Every quarter, we also play games like ‘Two Truths and a Lie’, especially with our newer employees and those who have birthdays and anniversaries, so that everyone has a chance to get to know each other on a more personal level.
My afternoons mostly involve one-on-one meetings with different members of my team, as well as looking at how our product is developing and how it’s being used by our customer base. We have regular check-ins on product development and user feedback to make sure that we’re constantly improving and doing the best we can to support our customers.
My evenings are all about family time with my wife and two sons. We raised our seed funding round just a couple of weeks before my first son was born, so he’s around the same age as Bond. His younger brother is 4 months old.
After work, I like to have dinner at home with the family, and then get the kids into bed.
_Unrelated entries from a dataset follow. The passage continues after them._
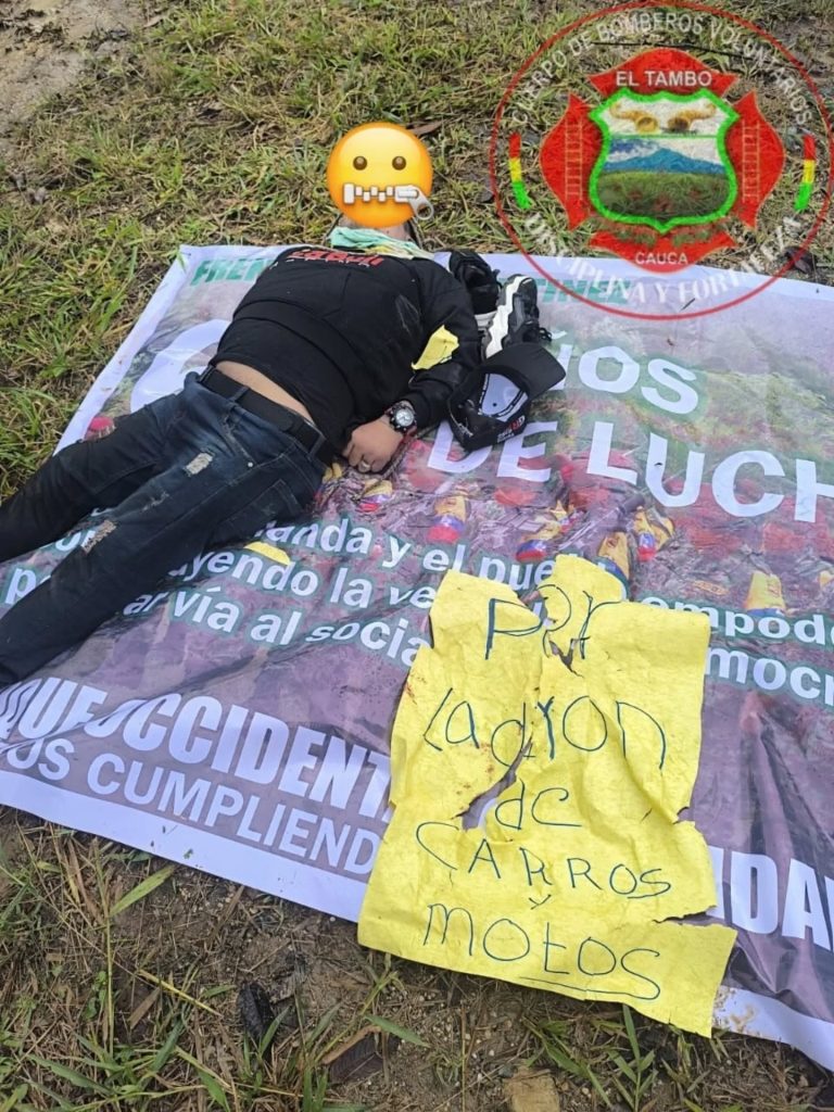 Junto al cuerpo, las autoridades encontraron un cartel con el mensaje: “por ladrón de carros y motos”, y una pancarta alusiva a las disidencias de las FARC GAO-R Jaime Martínez.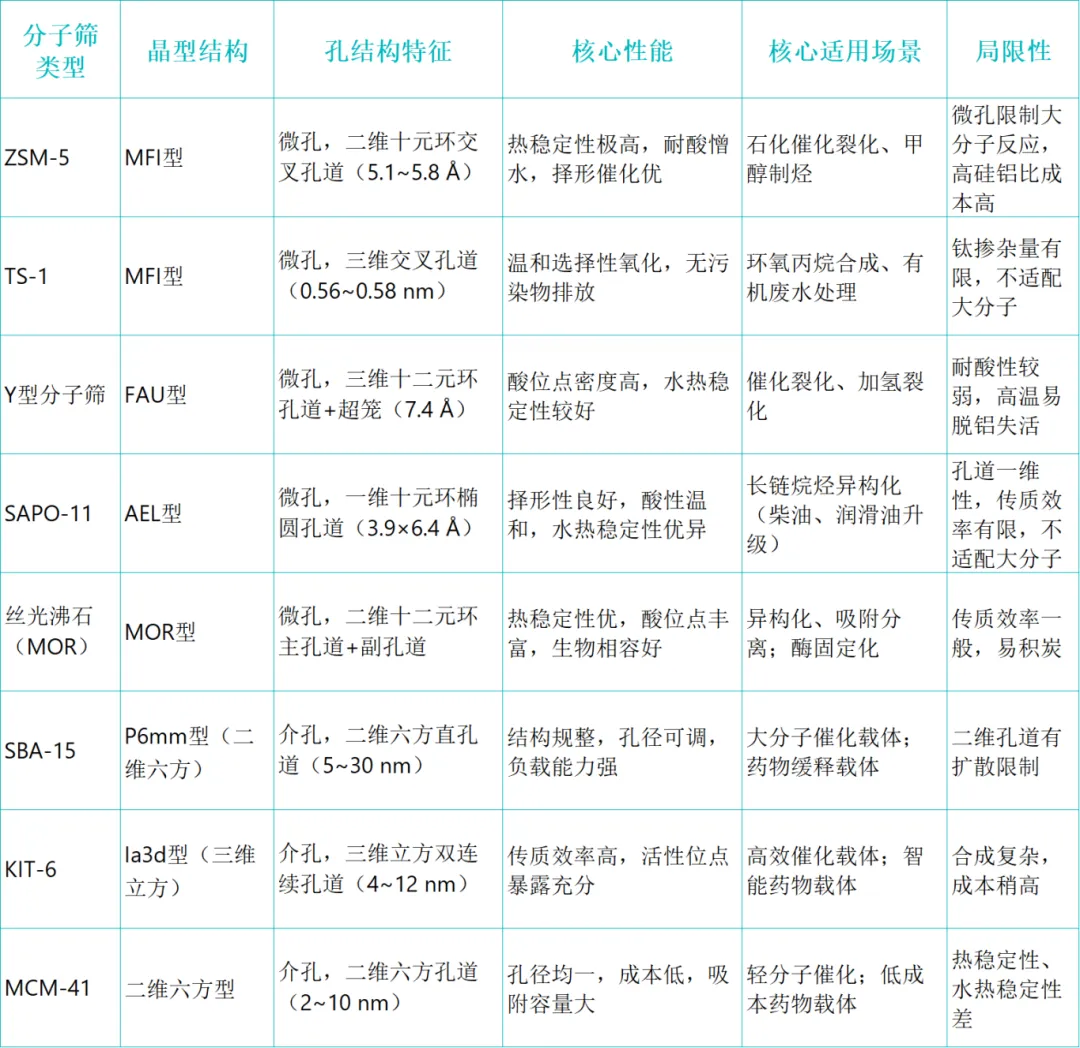 为了方便大家快速选型,整理了包含晶型结构、孔结构、性能等核心维度的对比表,关键信息一目了然: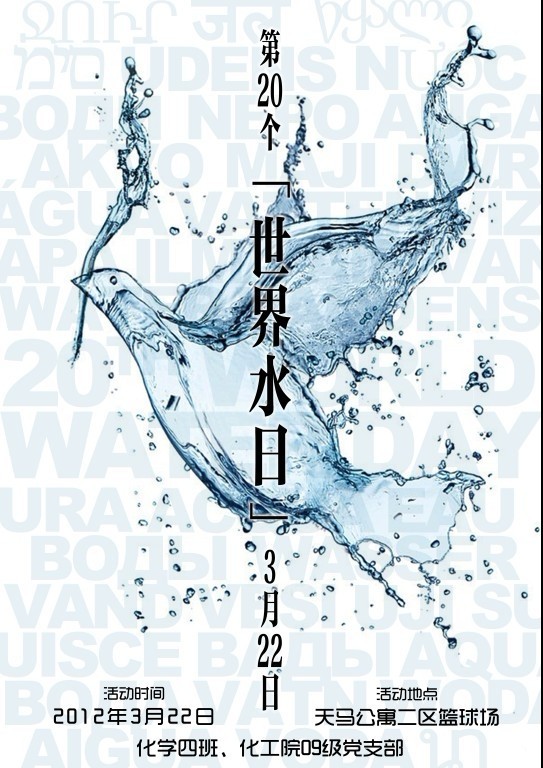 2012年3月22日是第20个世界节水日。水是一切生命赖以生存,社会经济发展不可缺少和不可替代的重要自然资源和环境要素。但是,现代社会的人口增长、工农业生产活动和城市化的急剧发展,对有限的水资源及水环境产生了巨大的冲击。在全球范围内,水质的污染、需水量的迅速增加以及部门间竞争性开发所导致的不合理利用,使水资源进一步短缺,水环境更加恶化,严重地影响了社会经济的发展,威胁着人类的福祉。如果不珍惜水资源,最后一滴水将是人类的眼泪。所以,我们要倡导节约观念,建设文明玩偶姐姐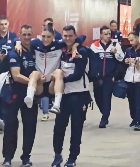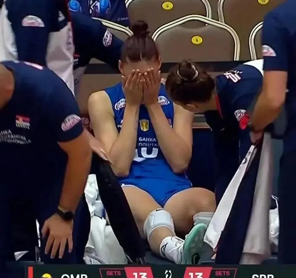 女排世锦赛H组第二轮比赛,卫冕冠军塞尔维亚女排以25-16、25-17、25-12横扫非洲劲旅喀麦隆,取得两连胜,比赛中,球队核心博斯科维奇在拦网落地时不慎踩到队友导致右脚踝扭伤,痛苦倒地后被工作人员搀扶离场,视频看到几乎扭了90度,令人揪心。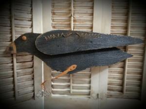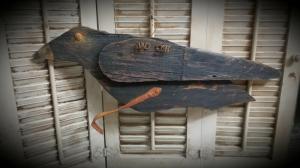 Primitive Handcrafted Wooden Crow Wall Door Hanger ~Folk Art ~ Raven ~ Halloween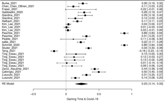 论文列出的游戏游玩时间与幸福感相关性的森林图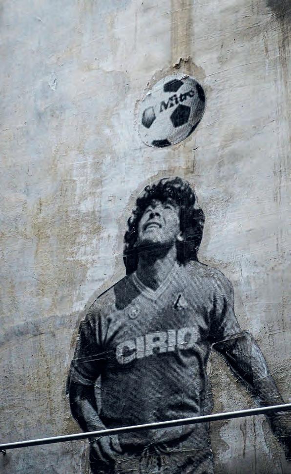 Diego Maradona avbildad på en vägg. Legend i Argentina och italienska klubben Napoli.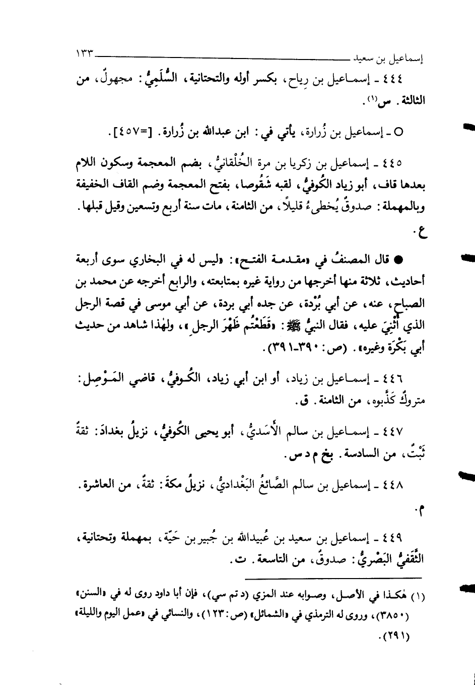 449 - إسماعيل بن سعيد بن عُبيد الله بن جُبير بن حَيّة، بمهملة وتحتانية، الثَّقَفيُّ البَصْريُّ: صدوقٌ، من التاسعة. ت.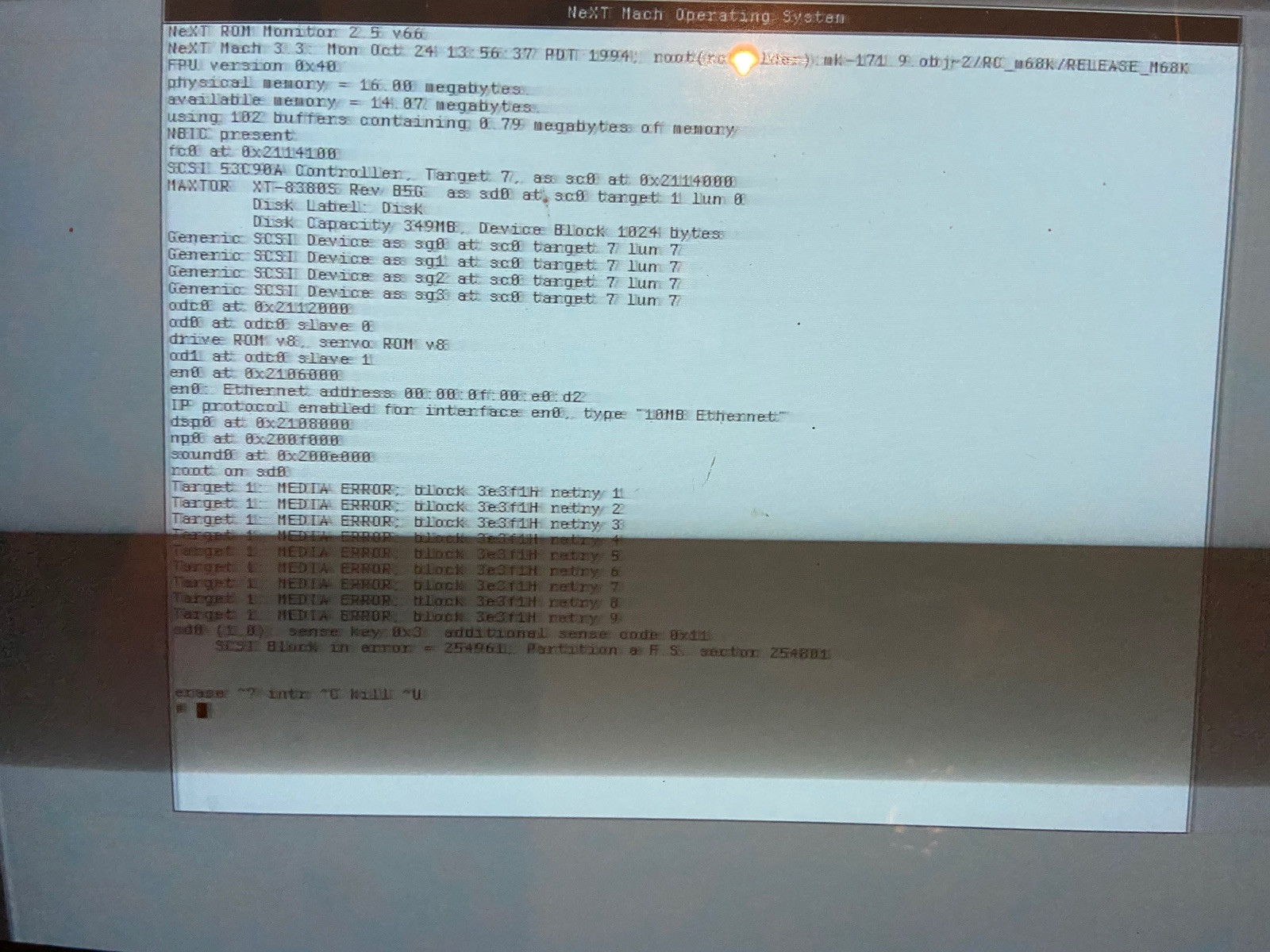 Unfortunately my NextCube N1000 has now a problem. During the booting process (NextStep loading process displayed as GUI) the booting aborts and i receive this error screen. See attached jpg.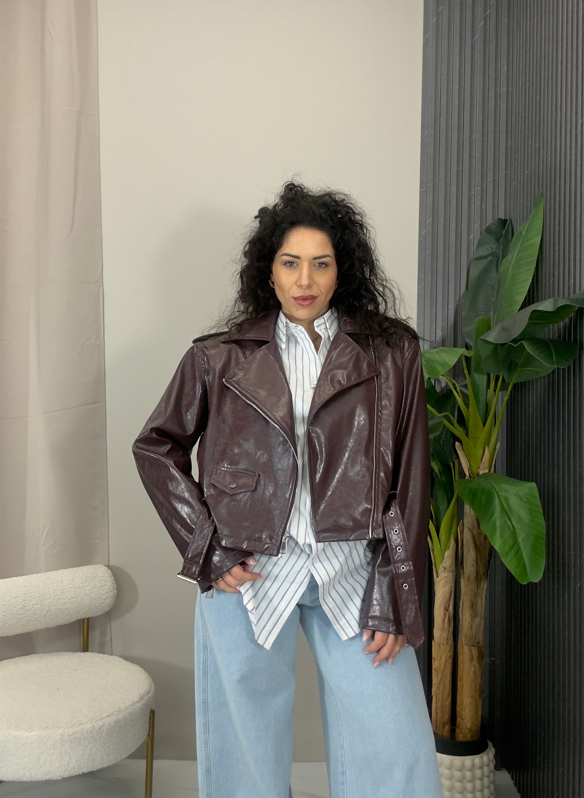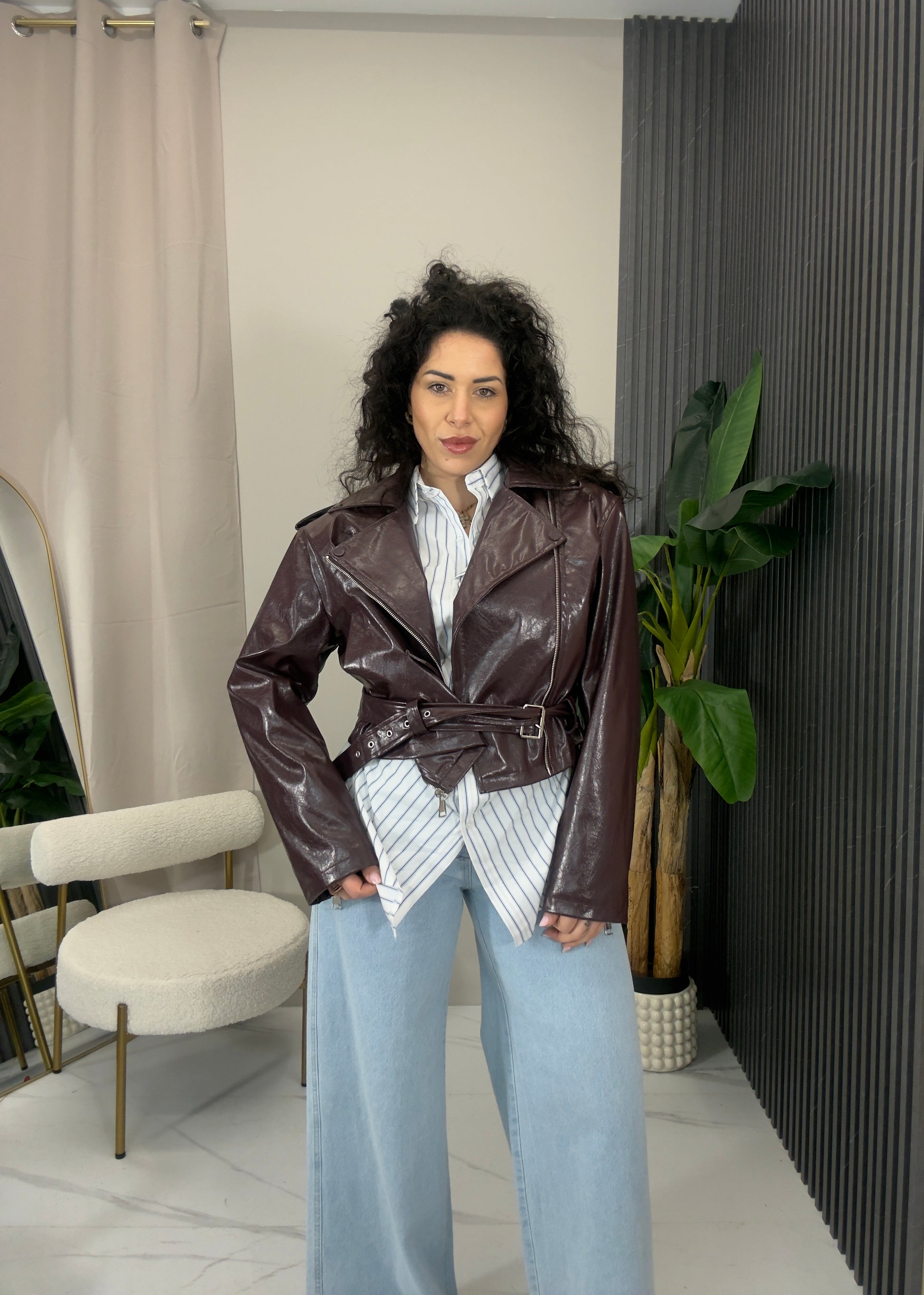 Giacca casual in pelle modello Over  con manica morbida e cinta in vita.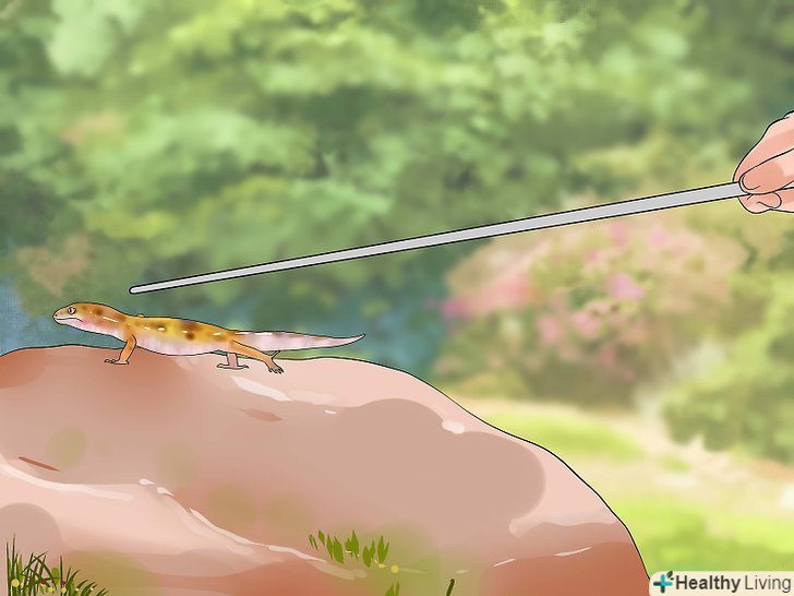 Використовуйте палицю. за допомогою палиці можна змусити гекона побігти в потрібному вам напрямку.- Обережно помістіть палицю позаду гекона.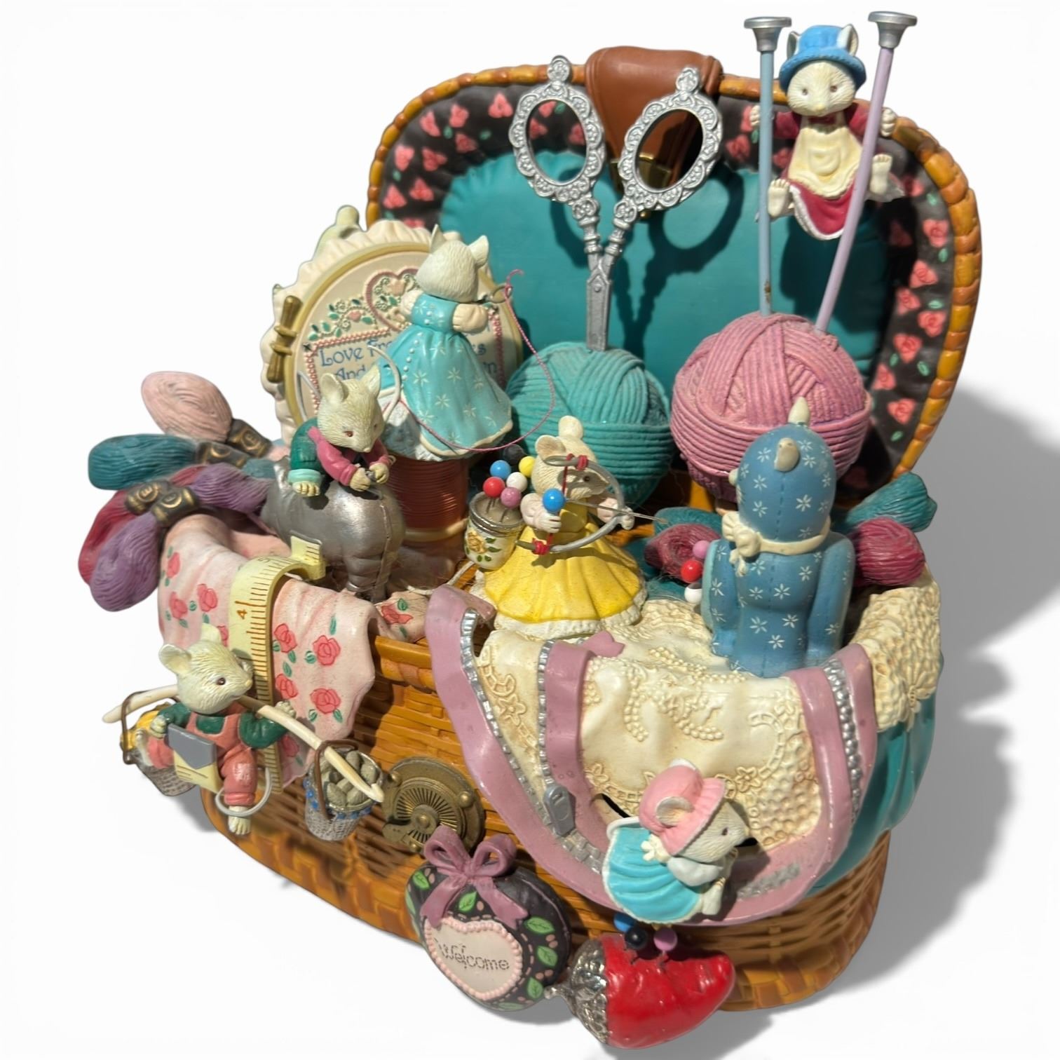2 Enesco Animated Musical Collectibles with the Whiskerflick Mouse Family (Teapot Bungalow and Sew Pretty) * One Charger

I love watching them grow and can’t help but notice little changes in them almost by the day. I’m glad that working from home gives me the opportunity to participate in their lives more closely.
When the kids are asleep, I like to reconnect with my friends and family – some of whom live outside the U.S. – and catch up on WhatsApp groups to see how everyone’s doing. It's usually the last thing I do before going to bed, and then the day starts all over again.
My wife and I love the outdoors – we’re blessed to be in the Bay Area, which has a lot of open space. There's a reservoir near our house, so we like to go on long walks there with the kids. It’s really refreshing to just get out of the house, especially during this new work-from-home situation.
There are also a couple of social causes that I’ve been involved with for the last few years. I’m a board member of Junior Achievement USA, an organization that takes professionals from across finance to local schools in order to teach children the basics of financial literacy, entrepreneurship, and other important teachings that are left out of most school curricula. I recruited a team at Bond in our early days to volunteer and spend time with the students there.
For me, giving back to organizations like Junior Achievement is really important. It all goes back to creating access and also ties in with why we founded Bond. I think everyone needs access. Educational access creates financial access, which opens up all sorts of opportunities – and access to opportunities is what enables people to do their best in life.